The pursuit of accountability for Jara's murder has spanned decades. In June 2016, a Florida jury found former Chilean Army lieutenant Pedro Barrientos liable for his death in a civil suit. In July 2018, eight retired Chilean military officers were sentenced to prison for the murders of Jara and former prisons director Littré Quiroga. Barrientos, whose U.S. citizenship was revoked in 2023, was arrested in Deltona, Florida, that October and deported to Chile that December, where he was placed in police custody. On 26 July 2026, retired colonel Nelson Haase Mazzei—the last of the seven officers convicted in 2023 still at large—was captured in southern Chile and imprisoned to serve his sentence. The Víctor Jara Foundation, set up by his widow, the British dancer and activist Joan Jara, said in statement: “We learned that retired Colonel Nelson Haase Mazzei, who had been a fugitive from justice since 2023, was found and imprisoned. We welcome this news. “However, it is important for us to emphasize that, half a century after the murders of Víctor Jara and Littré Quiroga, it is difficult to see this as this justice.”

==Early life==
Víctor Lidio Jara Martínez was born on 28 September 1932. His parents were tenant farmers who lived near the town of La Quiriquina, twelve kilometers from Chillán Viejo; he had four siblings, María, Georgina ("Coca"), Eduardo ("Lalo"), and Roberto. His exact place of birth is uncertain, but he was born in the Ñuble Region. At the age of five, his family moved to Lonquén, a town near Santiago, where his father, Manuel Jara, had rented a small parcel of land. His father was illiterate and wanted his children in the fields rather than in school, but his mother, who could read a little, insisted they at least learn the alphabet.

In a recorded 1970 interview in Moscow, Jara recalled: "I was born in the south of Chile, in the province of Ñuble, a very rainy province also shaken by earthquakes. My parents were tenant farmers on an estate, and it was my mother who encouraged me toward music, because she sang, and there was always a guitar in the house. Later, when I was about twelve, we moved closer to the capital for work."

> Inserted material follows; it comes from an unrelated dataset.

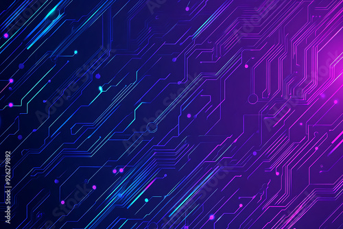 Futuristic vector illustration of an abstract circuit board with neon blue and purple gradients, showcasing intricate digital patterns and tech elements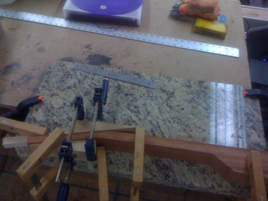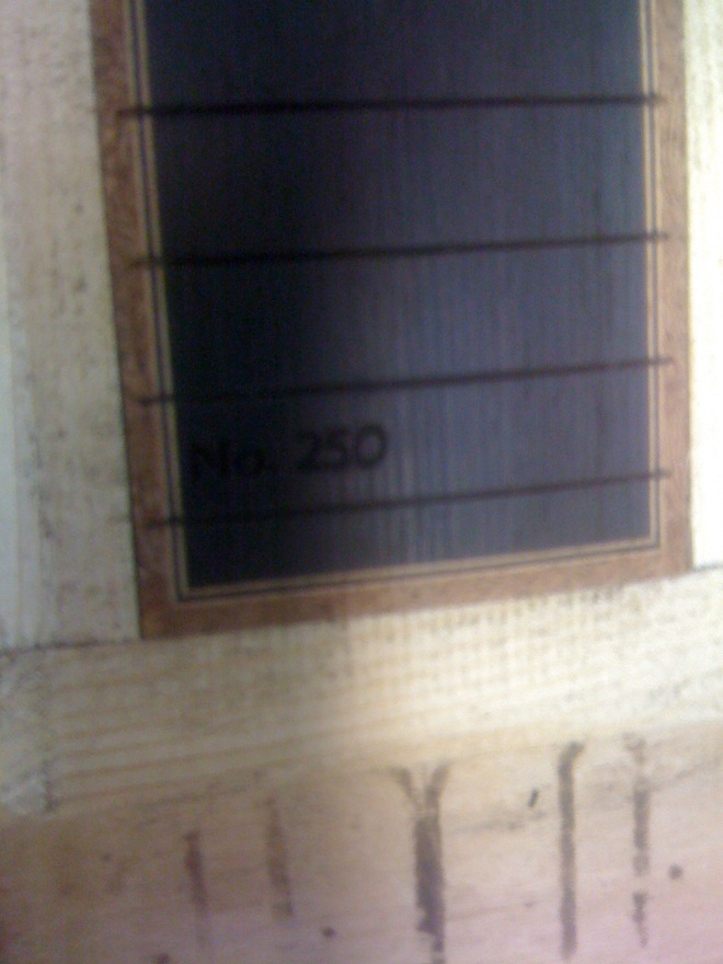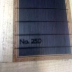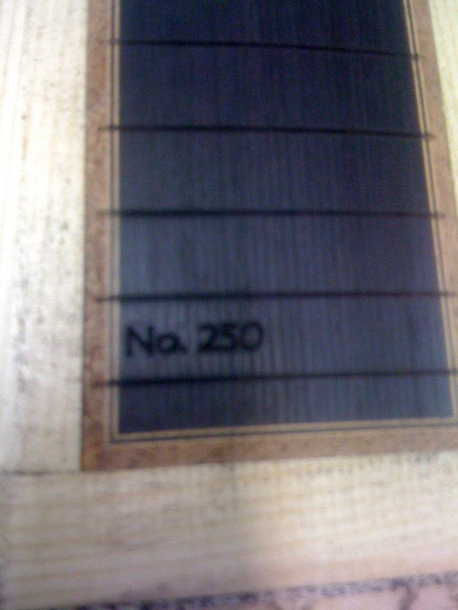 neck and fingerboard work… headstock angle, fingerboard assembly (quilted mahogany binding!). Cool No. 250 engraving, just a little bigger than normal 8^)

Jara's mother, Amanda Martínez, was a mestiza with Mapuche ancestry from southern Chile who had taught herself guitar and piano and performed traditional folk songs at local weddings and funerals. As the relationship between his parents deteriorated—his father drank heavily and was frequently absent—his mother moved the family to Santiago, taking work as a cook to support her children's education, including Víctor's. Around this time the family also lived in the Los Nogales district, where Víctor, having left school, worked for a time in a furniture factory and as an assistant to a family friend who worked as a transporter.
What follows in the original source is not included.